Nancy Carol Brown Hardin from Las Vegas, NV on March 29, 2011:
Mom usually kept them in a Tupperware container when I was older, and I don't remember a specific cookie jar when I was young, but I sure remember those cookies. I have a McCoy cookie jar, and a duck from somewhere in the 1940s, and a Twin Winton owl, plus some newer ones,M&M, and Quaker Oats.
anonymous on January 03, 2011:
I remember being so fascinated by the big strawberry cookie jar in our kitchen. Fun memories!
Nancy Tate Hellams from Pendleton, SC on September 27, 2010:
Thank you so much for featuring my Cookie Jars for the Family on this great Vintage Cookie Jar lens. Lensrolled to my lens.

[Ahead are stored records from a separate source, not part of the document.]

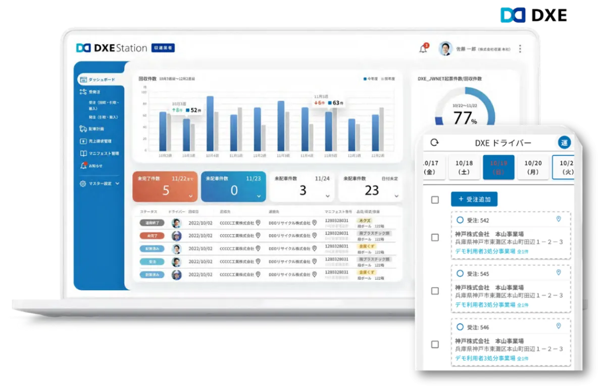 DXE Stationは、産業廃棄物の排出から処理までを一元管理するデジタルシステムです。従来の手間のかかる業務を劇的に効率化し、直感的な操作が可能なユーザーフレンドリーなデザインが特徴です。「パソコンが苦手」という方でも、問題なく操作できる設計になっています。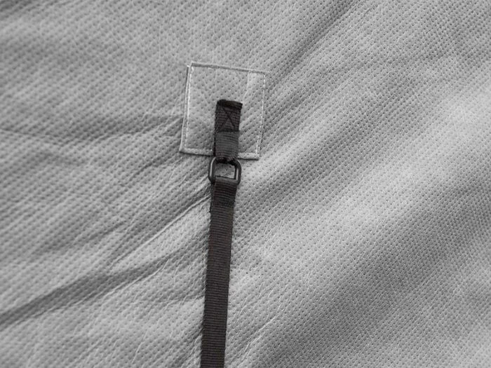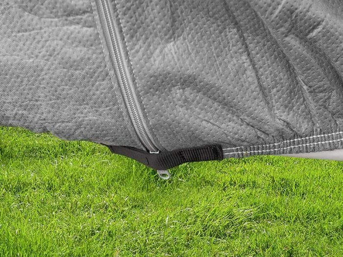 La housse caravane ProPlus peut être fixée à l’aide des sangles de fixation latérales, qui peuvent être fixées ensemble sous la caravane. La housse reste ainsi en place, même par vent fort.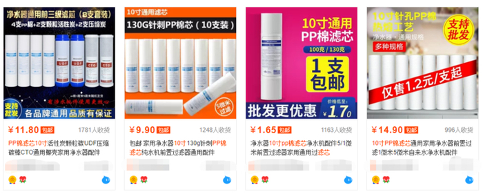 其中PP棉滤芯的价格十分便宜,10寸大小,重量为120克的PP棉滤芯(PP棉克数越高,代表可吸附的杂质越多,寿命越长),淘宝上的批发价格1-2块钱就能买到一支。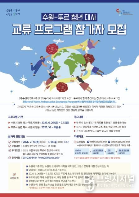브릿지저널 김경미 기자 | 수원시국제교류센터는 수원시의 국제자매도시인 프랑스 뚜르시와 추진하는 ‘2026 수원-뚜르 청년 대사 교류 프로그램’에 참여할 수원시 청년 2명을 3월 18일까지 모집한다.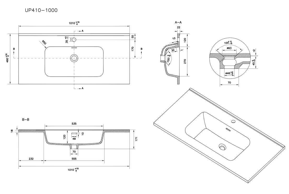 Umývadlo Uptrend – Venta 100 × 47 × 15,5 cm biele lesklé UP410-1000 spája moderný dizajn s funkčnosťou a kvalitou spracovania. Je vyrobené z vysokokvalitnej keramiky a ošetrené technológiou UP-CLEAN, ktorá chráni povrch pred usadzovaním nečistôt a vodného kameňa. Disponuje praktickou odkladacou plochou a elegantným tvarom vhodným pre rôzne typy kúpeľní. Možno ho namontovať do nábytku alebo na dosku, čím ponúka flexibilitu pri inštalácii.

Jennifer P Tanabe from Red Hook, NY on June 30, 2010:
Mmmm indeed, so many lovely cookie jars with promises of delicious cookies inside! I actually don't remember having a cookie jar when I was a child, but I bought my mother one (filled with cookies of course!) for her birthday a few years ago. My sister keeps it filled for her and she keeps it on her coffee table to snack from while she watches TV.
jolou on April 27, 2010:
What a great idea for a lens. I remember coming home from school to homemade oatmeal cookies, they were awesome!
oztoo lm on April 14, 2010:
Wow, I didn't know collecting cookie jars was so popular. Some of them are really fun aren't they. My mum had a brass barrel cookie jar. I don't know why she kept it 'cause she always complained about having to polish it.